說著,他雙手握刀,高高舉起,對著櫃檯上那把匕首就要劈下去。

  蘇青禾躲在人羣後面,心都提到了嗓子眼。

  這要是真打起來,蕭寒淵肯定不會輸。

  可萬一他出手太重,把人打死打殘了,這鋪子還沒開張就得惹上官司。

  而且這王鏢頭看著也是個練家子,要是逼得蕭寒淵使出什麼軍中絕學,身份豈不是又要暴露?

  她剛想衝出去圓場,卻見蕭寒淵動了。

  他沒有去拿那把匕首。

  而是隨手抄起旁邊一把剛打好、還沒來得及裝刀柄的短劍。

  那短劍通體烏黑,看著毫不起眼,甚至有些粗糙。

  「既然你要試刀,那就試試這把。」

  蕭寒淵語氣隨意,單手持劍,輕飄飄地迎了上去。

  王鏢頭見他如此託大,更是怒火中燒:「找死!」

  他大喝一聲,用盡全身力氣,大環刀帶著雷霆萬鈞之勢,狠狠劈下!

  這一刀,若是砍實了,連石頭都能劈開!

  圍觀的膽小者已經捂住了眼睛,生怕看到血濺當場的畫面。

  「鏘——!!!」

  一聲刺耳的金鐵交鳴聲驟然炸響。

  緊接著,是重物落地的聲音。

  「噹啷。
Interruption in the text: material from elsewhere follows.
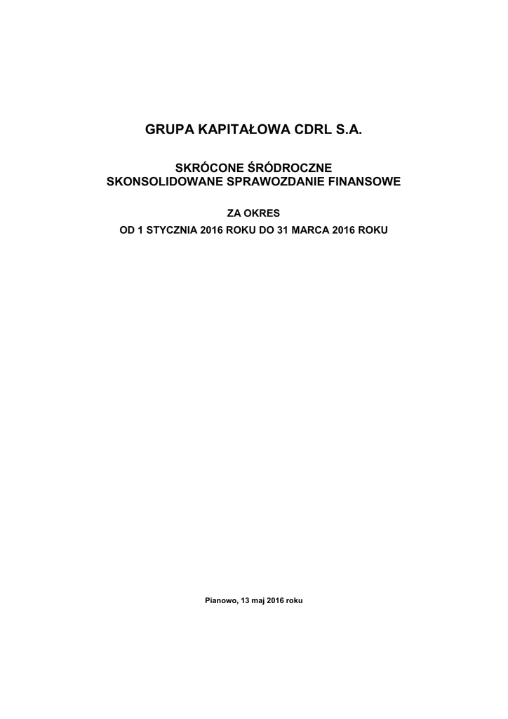 GRUPA KAPITAŁOWA CDRL S.A. SKRÓCONE ŚRÓDROCZNE SKONSOLIDOWANE SPRAWOZDANIE FINANSOWE ZA OKRES OD 1 STYCZNIA 2016 ROKU DO 31 MARCA 2016 ROKU Pianowo, 13 maj 2016 roku Nazwa Spółki: Grupa Kapitałowa CDRL S.A. Poziom zaokrągleń: wszystkie kwoty wyrażone są w tysiącach złotych polskich (o ile nie wskazano inaczej) Okres objęty sprawozdaniem finansowym: 01.01.2016 – 31.03.2016 Waluta sprawozdawcza: złoty polski (PLN) SPIS TREŚCI WYBRANE SKONSOLIDOWANE DANE FINANSOWE GRUPY KAPITAŁOWEJ CDRL S.A. ............................... 5 SKONSOLIDOWANE SPRAWOZDANIE Z SYTUACJI FINANSOWEJ .................................................................. 6 SKONSOLIDOWANY RACHUNEK ZYSKÓW I STRAT .......................................................................................... 8 SKONSOLIDOWANY ZYSK (STRATA) NETTO NA JEDNĄ AKCJĘ ZWYKŁĄ (PLN) ............................................ 8 SKONSOLIDOWANE SPRAWOZDANIE Z CAŁKOWITYCH DOCHODÓW ........................................................... 9 SKONSOLIDOWANE ZESTAWIENIE ZMIAN W KAPITALE WŁASNYM ............................................................. 10 SKONSOLIDOWANE SPRAWOZDANIE Z PRZEPŁYWÓW PIENIĘŻNYCH ....................................................... 12 WYBRANE JEDNOSTKOWE DANE FINANSOWE CDRL S.A. ............................................................................ 13 SPRAWOZDANIE Z SYTUACJI FINANSOWEJ CDRL S.A. ................................................................................. 14 RACHUNEK ZYSKÓW I STRAT CDRL S.A. ......................................................................................................... 16 ZYSK (STRATA) NETTO CDRL S.A. NA JEDNĄ AKCJĘ ZWYKŁĄ (PLN) .......................................................... 17 ZESTAWIENIE ZMIAN W KAPITALE WŁASNYM CDRL S.A. .............................................................................. 18 SPRAWOZDANIE Z PRZEPŁYWÓW PIENIĘŻNYCH CDRL S.A. ........................................................................ 20 DODATKOWE INFORMACJE I OBJAŚNIENIA DO SKRÓCONEGO SKONSOLIDOWANEGO SPRAWOZDANIA FINANSOWEGO SPORZĄDZONEGO ZA III KWARTAŁ 2016 ROKU ................................................................. 21 1. Charakterystyka Grupy Kapitałowej CDRL S.A. ...................................................................................... 21 2. Podstawa sporządzenia oraz zasady rachunkowości ............................................................................. 22 3. Dokonania Grupy Kapitałowej CDRL S.A................................................................................................ 23 4. Czynniki i zdarzenia, w szczególności o nietypowym charakterze, mające znaczący wpływ na osiągnięte skonsolidowane wyniki finansowe .................................................................................................................... 24 5. Objaśnienia dotyczące sezonowości lub cykliczności działalności Grupy Kapitałowej CDRL S.A. w okresie objętym sprawozdaniem....................................................................................................................... 24 6. Informacje o odpisach aktualizujących wartość zapasów do wartości netto możliwej do uzyskania i odwróceniu odpisów z tego tytułu ..................................................................................................................... 25 7. Informacje o odpisach aktualizujących z tytułu utraty wartości aktywów finansowych, rzeczowych aktywów trwałych, wartości niematerialnych i prawnych lub innych aktywów oraz odwróceniu takich odpisów 25 8. Informacje o utworzeniu, zwiększeniu, wykorzystaniu i rozwiązaniu rezerw ........................................... 25 9. Informacje o rezerwach i aktywach z tytułu odroczonego podatku dochodowego .................................. 25 10. Informacje o istotnych transakcjach nabycia i sprzedaży rzeczowych aktywów trwałych........................ 25 11. Informacje o istotnym zobowiązaniu z tytułu dokonania zakupu rzeczowych aktywów trwałych ............. 25 12. Informacje o istotnych rozliczeniach z tytułu spraw sądowych ................................................................ 25 13. Wskazanie korekt błędów poprzednich okresów ..................................................................................... 25 14. Informacje na temat zmian sytuacji gospodarczej i warunków prowadzenia działalności, które mają istotny wpływ na wartość godziwą aktywów finansowych i zobowiązań finansowych Grupy Kapitałowej ......... 25 15. Informacje o niespłaceniu kredytu lub pożyczki lub naruszeniu istotnych postanowień umowy kredytu lub pożyczki ............................................................................................................................................................ 25 16. Informacje o zmianie sposobu (metody) ustalania wartości godziwej instrumentów finansowych .......... 26 17. Informacja dotycząca zmiany klasyfikacji aktywów finansowych w wyniku zmiany celu lub wykorzystania tych aktywów .................................................................................................................................................... 26 18. Informacje dotyczące emisji, wykupu i spłaty nie udziałowych i kapitałowych papierów wartościowych . 23 19. Informacje dotyczące wypłaconej (lub zadeklarowanej) dywidendy, łącznie i w przeliczeniu na jedną akcję, z podziałem na akcje zwykłe i uprzywilejowane ..................................................................................... 26 20. Podział na segmenty działalności – przychody i wyniki przypadające na poszczególne segmenty ........ 26 21. Zdarzenia, które wystąpiły po dniu bilansowym, nieujęte w sprawozdaniu finansowym a mogące w znaczący sposób wpłynąć na przyszłe wyniki finansowe Grupy Kapitałowej CDRL S.A. ................................. 23 Nazw

」

  全場死寂。

  所有人瞪大了眼睛,不可置信地看著眼前這一幕。

  只見王鏢頭手裡那把引以為傲的「百鍊鋼刀」,竟然只剩下了半截刀身!

  另外半截,正孤零零地躺在地上,斷口處平滑如鏡。

  而蕭寒淵手中的那把黑色短劍,依舊穩穩地握在他手裡,連個豁口都沒有,甚至連一絲劃痕都看不見。
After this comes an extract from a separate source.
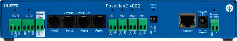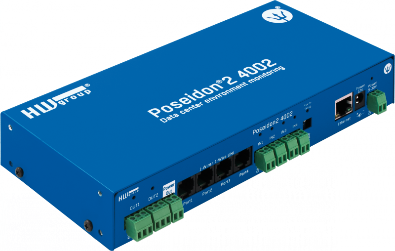 Vlajková loď společnosti HW group - Poseidon2 4002. Komplexní zařízení pro vzdálený dohled provozních podmínek (prostředí) v datacentrech, serverovnách, zdravotnictví, skladování. Může fungovat zcela samostatně, nebo jako součást komplexního monitorovacího systému (SNMP nebo HWPortal.cz online aplikace). .

  風一吹,發出一陣輕微的嗡鳴聲,彷彿在嘲笑對手的不堪一擊。

  王鏢頭保持著劈砍的姿勢,整個人都僵住了。

  他看著手裡的斷刀,眼珠子都要瞪出來了。

  「這……這怎麼可能……」

  他這把刀可是砍過不少硬骨頭的,怎麼可能像切豆腐一樣被切斷了?

  而且對方拿的還是一把沒開刃的半成品!

  「好!!!」

  人羣中不知是誰先喊了一嗓子。

  緊接著,雷鳴般的喝彩聲爆發出來。

  「神兵!這是神兵啊!」

  「蕭郎君威武!」

  「剛才誰說這是黑店的?這簡直就是良心價啊!二十兩買把削鐵如泥的寶劍,賺翻了!」

  王鏢頭回過神來,臉上的怒氣瞬間消散,取而代之的是滿臉的狂熱。

  他是練武之人,最是敬重強者,更愛惜兵器。

  剛才那一瞬間,他清楚地感覺到了。

  這不僅僅是兵器鋒利,更是持劍之人的內力深厚。

  這年輕人,是個深藏不露的高手!

  王鏢頭把手裡的斷刀一扔,抱拳行了個大禮:「蕭師傅!是在下有眼無珠!這把短劍,我要了!」

  說著,他從懷裡掏出一疊銀票,數都沒數,直接拍在櫃檯上。

  「這是一百兩定金!除了這把短劍,我還要預訂二十把護鏢用的長刀!價格隨你開,只要都有這質量,我威遠鏢局以後所有的兵器,全在你這兒定!」

  一百兩!

  又是大手筆!

  蘇青禾躲在暗處,看著那張銀票,眼睛裡全是小星星。

  果然,技術纔是第一生產力啊!

  這賺錢速度,比她賣煎餅果子快多了!

  蕭寒淵神色依舊淡淡的,並沒有因為這一百兩而失態。

  他收起短劍,點了點頭:「半個月後取貨。」

  「好嘞!多謝蕭師傅!」王鏢頭喜滋滋地拿著那把沒刀柄的短劍,像捧著祖宗一樣走了。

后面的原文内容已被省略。